While Plaintiff submitted an inspection report by the Indiana Housing and Community Development Authority indicating Plaintiff's landlord may have violated Indiana law, Plaintiff cites to Washington state's Revised Code of Washington (RCW) for her legal authority. (See, e.g., DE 4-3 (citing Wash. Rev. Code § 59.18.030 and 59.18.253).)
Title 28 U.S.C. § 1915(e)(2)(B) directs courts to screen all complaints filed with requests to proceed in forma pauperis, and to dismiss the case if the court determines the action (1) is frivolous or malicious; (2) fails to state a claim on which relief may be granted; or (3) seeks monetary relief against a defendant who is immune from such relief. The Court must first, however, determine whether it has subject matter jurisdiction over the case. Arbaugh v. Y & H Corp., 546 U.S. 500, 514 (2006) (citing Ruhrgas AG v. Marathon Oil Co., 526 U.S. 574, 583, 587-88 (1999)) (reaffirming all federal courts' "obligation to determine whether subject-matter jurisdiction exists, even in the absence of a challenge from any party.").
Federal courts have subject matter jurisdiction over cases which present a federal question, 28 U.S.C. § 1331; or when complete diversity of citizenship exists between plaintiffs and defendants and when the amount in controversy exceeds $75,000, 28 U.S.C. § 1332. Plaintiff, as the proponent of jurisdiction, has the burden of showing—by a preponderance of the evidence—facts that suggest the amount-in-controversy requirement is met. Oshana v. Coca-Cola Co., 472 F.3d 506, 511 (7th Cir. 2006). A good-faith estimate is acceptable if it is plausible and supported by a preponderance of the evidence. Id. See also Rubel v. Pfizer, Inc., 361 F.3d 1016, 1020 (7th Cir. 2004).
The Court finds no plausible showing that the amount-in-controversy in this case can exceed $75,000. Even if Plaintiff succeeded on all her claims, she does not even ask for $75,000; it is difficult to see how she could be awarded more. Furthermore, Plaintiff advances no federal question in her filings. Accordingly, this Court lacks subject matter jurisdiction.
Even if this Court were to acquire subject matter jurisdiction, however, 28 U.S.C. § 1915(e)(2)(B)(ii) would still require a dismissal. This subsection mandates dismissal of any matter proceeding in forma pauperis which fails to state a claim on which relief can be granted. Plaintiff does not cite to applicable law. Washington's landlord-tenant law does not ordinarily apply to residential leases made in Indiana. This Court would thus be required to dismiss this case even if it had—somehow—found jurisdiction over the matter.

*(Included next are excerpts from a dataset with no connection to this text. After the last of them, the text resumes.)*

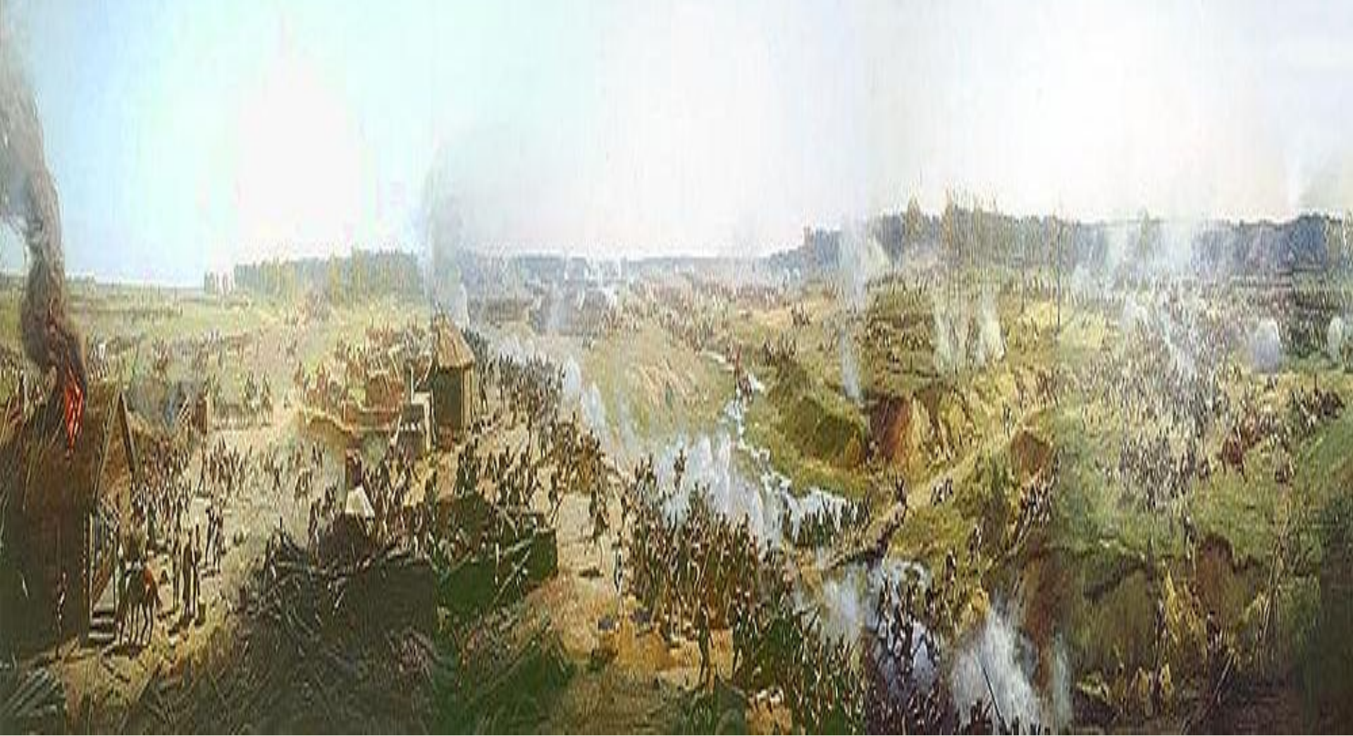
Франц Рубо. Фрагмент панорамы «Бородинская битва». 1812 год
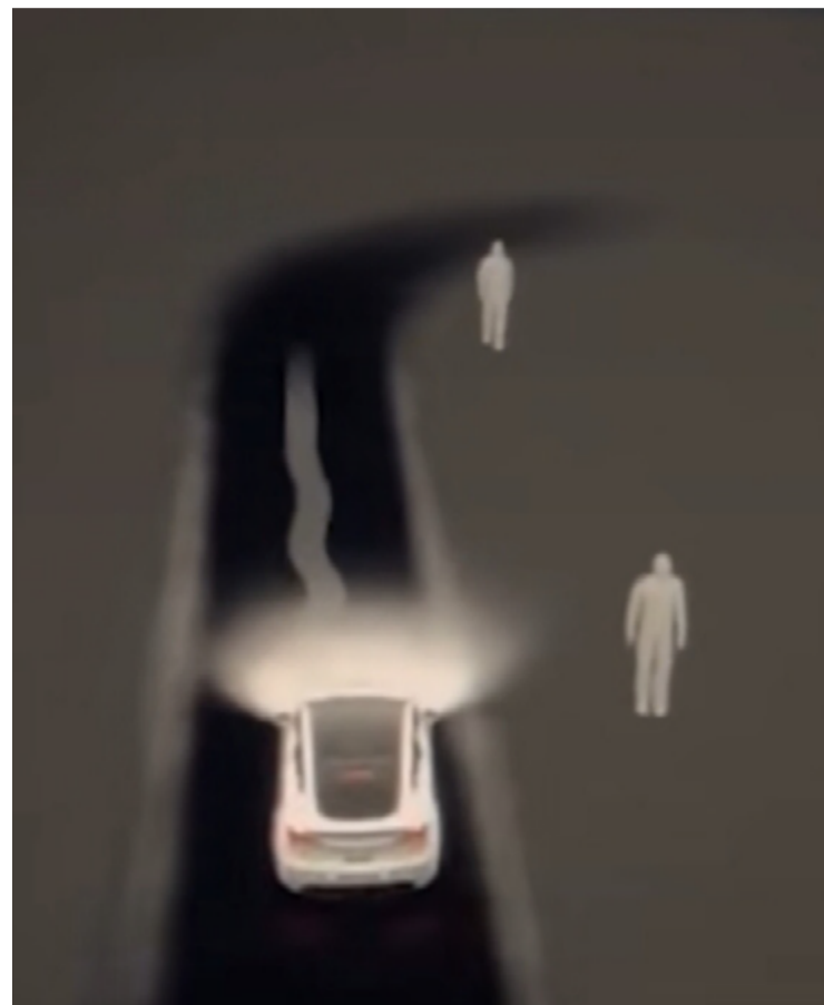
Imagem mostra tela do Tesla capturando imagens de ‘gente’ lá fora, mas na cena real ninguém está próximo

Fato ou ficção, relatos tornaram-se comuns no Tik Tok. Sensor anticolisão do carro aponta presença de ‘fantasmas’
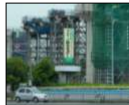
【瀨崎公園の広告塔】
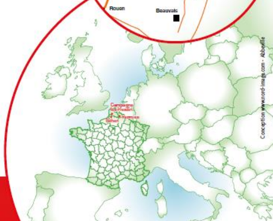
Conception www.ond-imag.com - Abbayille
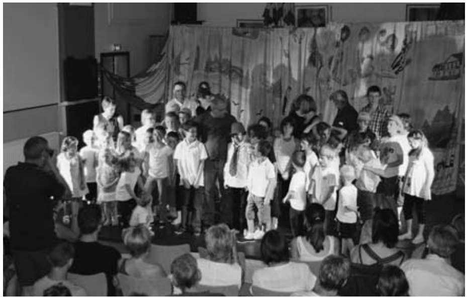
Spectacle final lors du centre aéré

Pour l'Année 2013 l'atelier ouvrira ses portes à partir du 9 janvier.
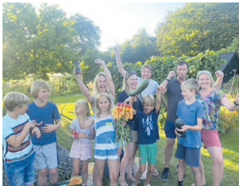
Wie zaait, oogst op KIMT.

Meer informatie op: www.kominmijntuin.com .
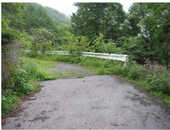
施設計画に記載された遊歩道及び野営場は、実施予定時期から10年以上を経過した現在も設置されていない。野営場への進入路として予定されていたとみられる林道も、一般乗用車の通行は困難な状況。
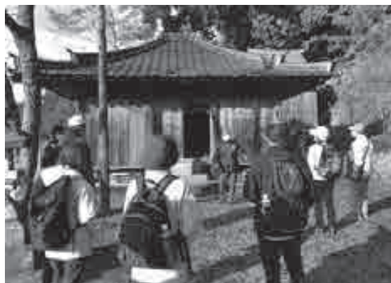
▲大糠の観音堂でガイドの説明を聞く参加者

町内には国指定文化財10件、県指定文化財24件、町指定文化財64件、国登録文化財1件、合計99件の指定・登録文化財があります。これらの文化財を大切に守り継いでいくためにいろいろな支援制度がありますので、指定等文化財の保存や活用についてのご相談は、生涯学習課までお問い合わせください。
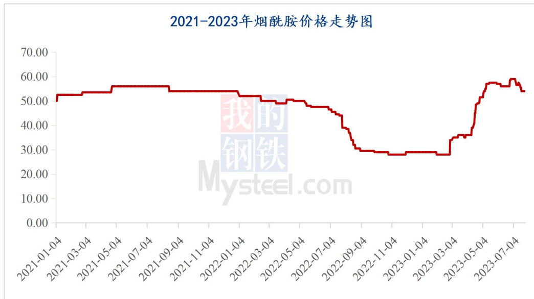
图 13 2021-2023 年烟酰胺价格走势
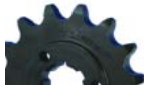
PIÑÓN K: Acero 16CrNi4
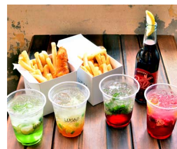
「ルカス フライドフードアンドソーダ」 (7階)
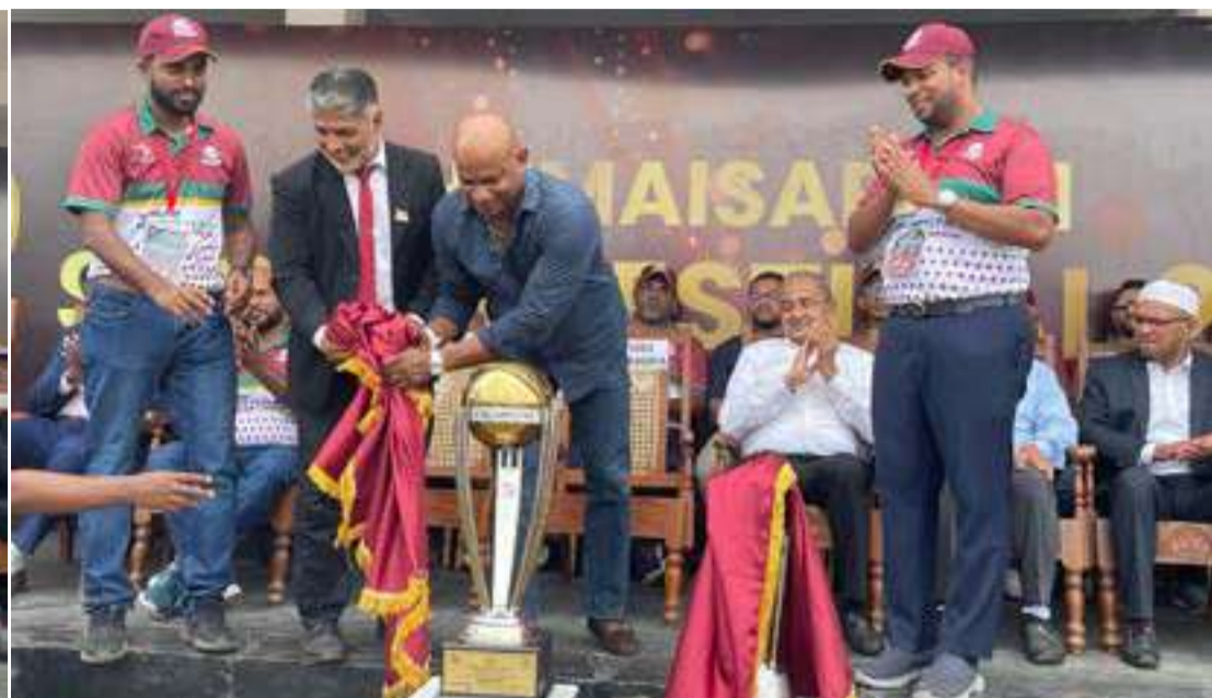
பேருவளை - பீ.எம். முக்தார்

1918 ஆம் ஆண்டு கல்விப் பயணத்தைத் தொடங்கிய பேருவளை - சீனன் கோட்டை அல்ஹுமையஸரா தேசிய பாடசாலை, நூற்றாண்டுக்கும் மேலான கல்விப் பாரம்பரியத்தை தன்னகத்தே தாங்கி நிற்கும் பெருமைமிக்க கல்வி நிலையமாக விளங்குகிறது.
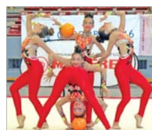
En el momento del comienzo.
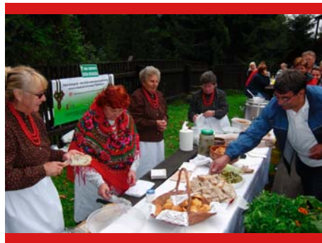
...i polskie w Oravskiej Polhorze (Rabčicach)

Również w ramach projektu w dniach 29–30.08.2011 r. na terenie słowackich miejscowości, położonych po południowej stronie Babiej Góry, odbyły się warsztaty, połączone z wy-
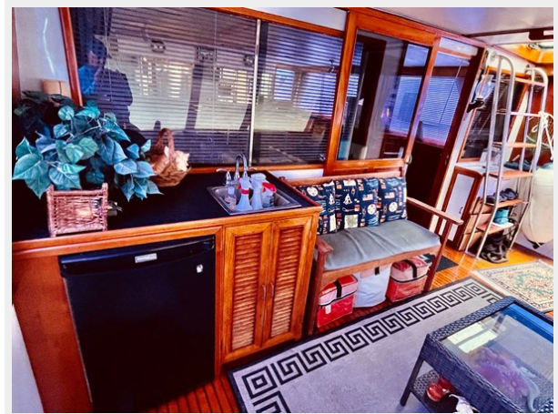
Enclosed Aft Deck
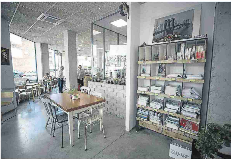
Interior del multifuncional establecimiento El Sombrero Loco. L. U.
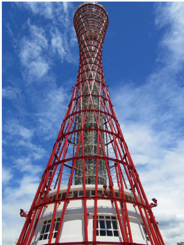
南側近くから。1階入り口前から見上げる。
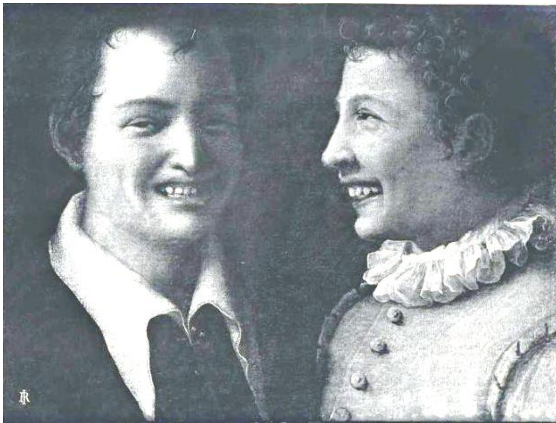
Annibale Carracci (copia da?), Due giovani che ridono , 1584/85 ca?, olio su tela, cm. 36 x 44, inv. Qq 1930, n. 588, Collezione Farnese
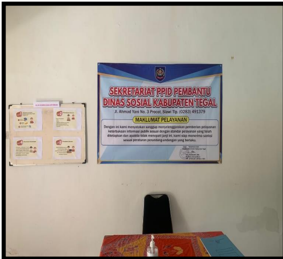
Gambar 4 : Meja Registrasi
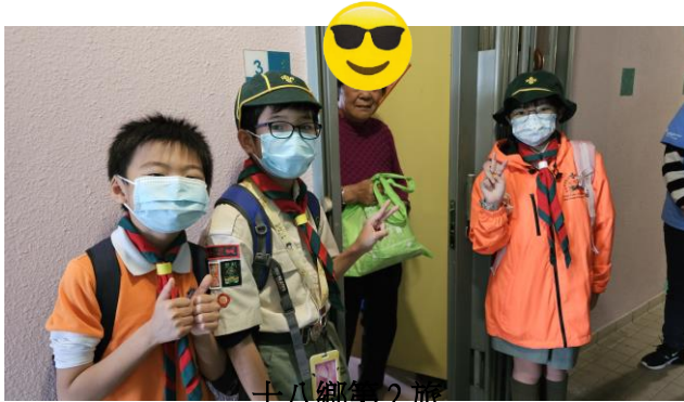
十八鄉第 2 旅
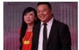
曝非诚女嘉宾砍死丈夫
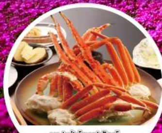
บุฟเฟ่ต์ขาปูยักษ์
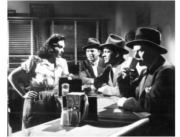
1945 CRIME PASSIONNEL (Fallen Angel) d'Otto Preminger avec Linda Darnell, Dana Andrews
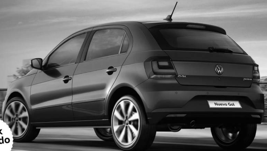
Imagen no contractual. Bases y condiciones disponibles en nuestro salón.
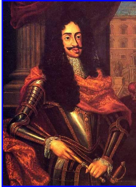
Император Леопольд I
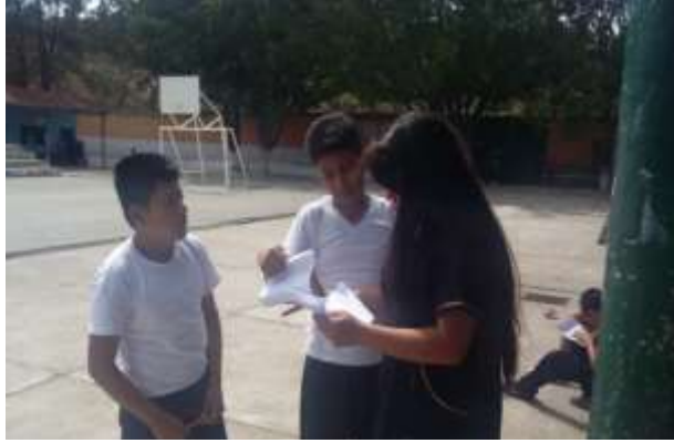
Figura 14. Actividad activa sobre las Técnicas de investigación social

En la forma que trabajé con los estudiantes, fue de manera activa participativa y esto ayudó a lograr las competencias e indicadores de logro que el Curriculum Nacional Base CNB establece para que el estudiante logre un aprendizaje eficiente. Por medio de este método activo
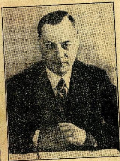
RÍŠSKÝ VEDOUcí ALFRED ROSENBERG se narodil 12. ledna 1893.
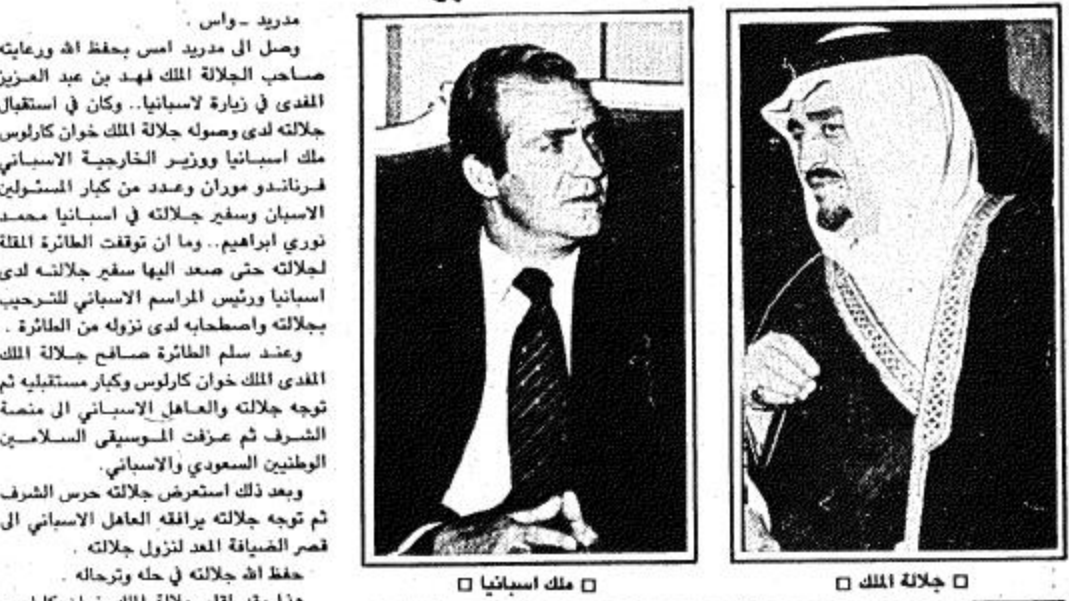
جلالة الملك □ ملك اسبانيا □
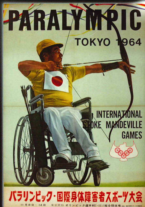
ポスター「パラリンピック」 昭和39年(1964)
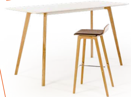
BEHAAGLIJK ALTERNATIEF Statafel en MOVE.MIX barkruk (hier met lage leuning) met gefineerde poten
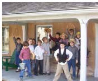
Casa Irlandesa na Fazenda Oakridge
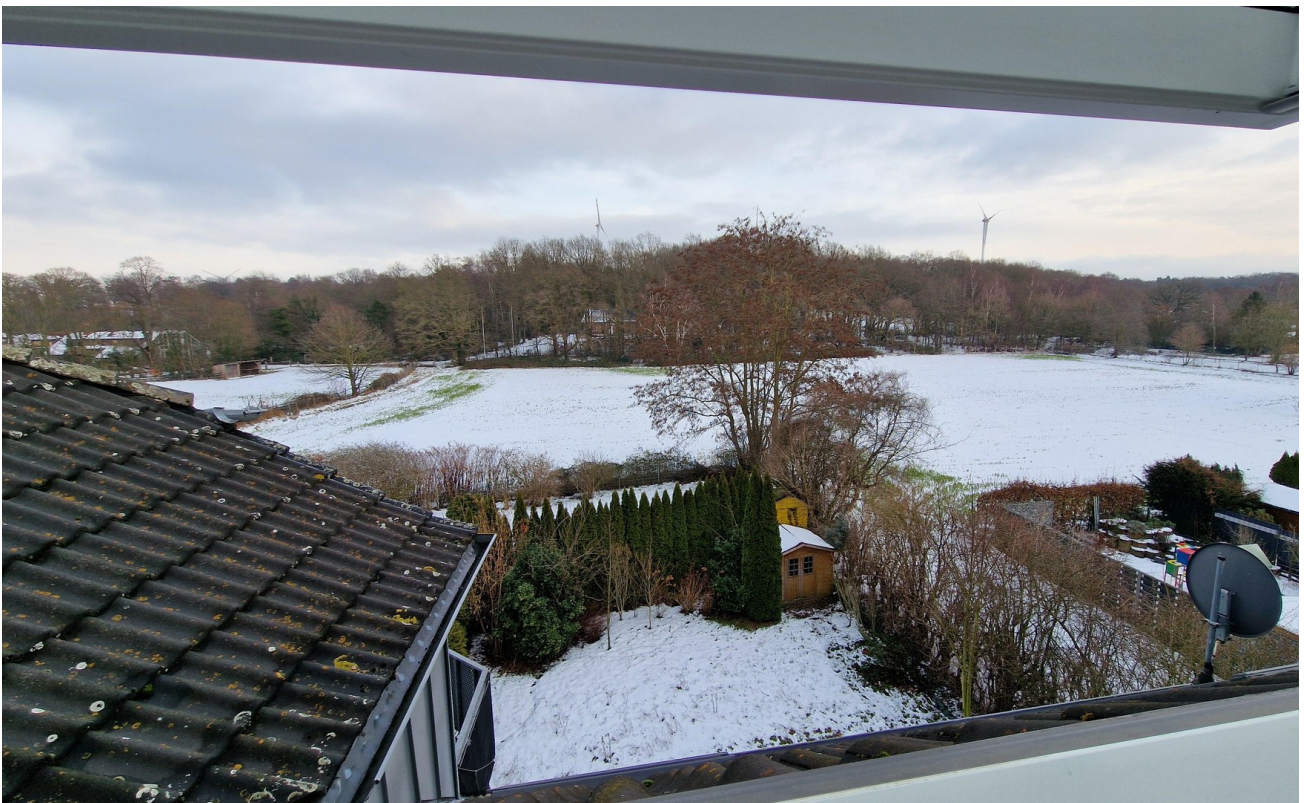
Blick aus dem Büro
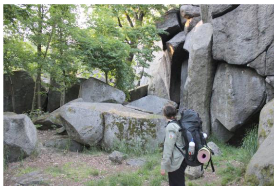
Bonbón u Petrohradských skal.

Pro dnešek jsme měli zajímavosti vybrané, pokud ovšem jako zajímavost nepovažujeme samotné Petrohradské skály, kde jsme nocovali. Zdejší roztroušené balvany jsou vyhlášenou boulderingovou oblastí, což je lezení bez jištění.
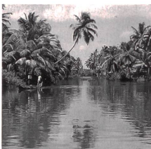
Kerala (Indien): hohe Strahlung aus natürlichen Quellen.

(sva) Im indischen Bundesstaat Kerala wurde bei 100 000 Personen in einem Gebiet, dessen radioaktive Strahlung aus natürlichen Quellen um einen Faktor fünf bis 30 über dem
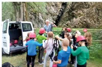
L'été aux accueils de loisirs

This opinion should not be read to speak to the merits of Plaintiff's complaint under state law. This Court expresses no opinion regarding the potential success or failure of any claims she may or may not have against her former landlord. Rather, the Court finds itself without authority to resolve the matter: to the extent Plaintiff's claims as filed can be brought anywhere, they must be brought in state court.
For the reasons stated above, the Court DENIES Plaintiff's motion to proceed in forma pauperis and DISMISSES the case for lack of subject matter jurisdiction.
Nor is this Court able to transfer this matter to a state court. See McLaughlin v. ARCO Polymers, Inc., 721 F.2d 426 (3d Cir. 1990) (finding that neither 28 U.S.C. § 1631 nor § 1447 authorized a district court to transfer to state court a matter originally filed there). The McLaughlin court did, ultimately, transfer the matter to state court, but did so under authority of state law. See 42 Pa. Cons. Stat. § 5103(b) (authorizing transfer of matters filed erroneously in federal court to Pennsylvania state court). Indiana's General Assembly has not passed such a law. Thus, if Plaintiff wishes to pursue her claim in another court, she must re-file it in that court.